"The center of the book shifts, is everywhere and no circumference can be drawn until the end" (7.2-5).
Admittedly I recycled this City of Glass quotation from my last blog post but in formulating an argument for our impending paper, I'd like to see how it might apply to a reading of Safe Area Gorazde, specifically in relation to questions of truth and narration.
Like City of Glass, Safe Area Gorazde's prologue takes a number of cues from the hard boiled tradition: The smokey and shadowy bar, trenchcoat/fedora clad stranger, and suggestions of a "Real Truth" to be had. I'll stop the comparison there, because unlike Quinn, Sacco seems to know that Real Truth is a counterfeit form of real truth, thus his intent to avoid the stranger who offers him his own version of it (ii.7).
Instead Sacco gleans his truths from a number of different (sometimes competing, often complementary) sources. Much of the truths he focuses on in the early segments of the novel deal with the day to day of Gorazde's citizens putting the pieces of their lives back together as the author pieces together the story he is trying to write(16.1). Early in his relationship with Riki, Sacco presses him for some war stories, but only gets "I have seen many horrible things . . . I saw many people killed. Parts of people. Horrible things" (26.1) and as he reveals in that panels narration, that's as much as he'd ever get from Riki.
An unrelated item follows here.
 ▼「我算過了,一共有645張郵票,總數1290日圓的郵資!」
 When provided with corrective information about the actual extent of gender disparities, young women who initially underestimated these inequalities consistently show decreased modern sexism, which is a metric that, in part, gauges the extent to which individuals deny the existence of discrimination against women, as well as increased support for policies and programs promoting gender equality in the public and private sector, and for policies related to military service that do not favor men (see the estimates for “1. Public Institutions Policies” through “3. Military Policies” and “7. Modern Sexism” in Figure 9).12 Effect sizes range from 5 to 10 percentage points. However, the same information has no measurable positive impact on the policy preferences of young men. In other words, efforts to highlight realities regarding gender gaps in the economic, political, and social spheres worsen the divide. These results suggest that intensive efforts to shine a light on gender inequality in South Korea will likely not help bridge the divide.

Sacco is however successful in getting some pretty horrific stories from other citizens (mostly told in the black guttered flashback sections that come to dominate the second half of the book). At points he seems unsatiable, interrupting a perfectly pleasant social gathering to interrogate Sabina about her "worst moment." "The Real Truth," Sacco narrates "was I hadn't come to record the antics of some silly girls" (151). Maybe he hadn't, but these ostensibly banal interactions constiute the heart of the story Sacco is telling. Afterall, he's not telling the stories that make up the wartime sections of the book. These horrific tales come from the people he has interviewed and every now and then Sacco even comes to question their truthfulnes. Take Dr. Begovic's "far fetched or maybe not" story about a man forced to eat his grandson's liver (125.3-4) or Nermin and Haso's claims of Serbian use of combat gas* (200. 2). Ultimately, as Sacco narrates since Gorazde was cut off from camera's "It's suffering was the sole property of those who experienced it" (126.3). Best to let them tell their truths and let the reader sort through them to create a complete picture.
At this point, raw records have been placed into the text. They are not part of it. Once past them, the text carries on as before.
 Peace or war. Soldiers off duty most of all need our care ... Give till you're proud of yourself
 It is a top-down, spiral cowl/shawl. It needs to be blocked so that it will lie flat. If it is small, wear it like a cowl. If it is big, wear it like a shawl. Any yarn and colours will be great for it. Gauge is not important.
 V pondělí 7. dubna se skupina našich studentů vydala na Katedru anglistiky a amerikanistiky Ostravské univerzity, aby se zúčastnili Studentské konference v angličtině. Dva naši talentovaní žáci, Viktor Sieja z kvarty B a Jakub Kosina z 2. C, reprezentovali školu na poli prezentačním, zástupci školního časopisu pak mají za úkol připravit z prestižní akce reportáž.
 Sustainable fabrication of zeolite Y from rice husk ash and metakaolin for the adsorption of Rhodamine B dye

Real Truth is dangerous. Politicos and claimsmakers twisted the Real Truths of history to justify, rationalize, and even incite the atrocities that we have just read about. The Real Truth of Gorazde as a "safe area" is actually the "meaninglessness of the safe area concept" (184). Even once "peace" most Gorazdians are skeptical of the truthfulness in the concept of "real peace" (214.1-4).
Can we draw a circumference by the novel's conclusion? Sacco returns to Gorazde feeling alienated as all his friends have left but finds Edin there who is concerned with"getting on with things" (227.4), looking ahead instead of walking in circles.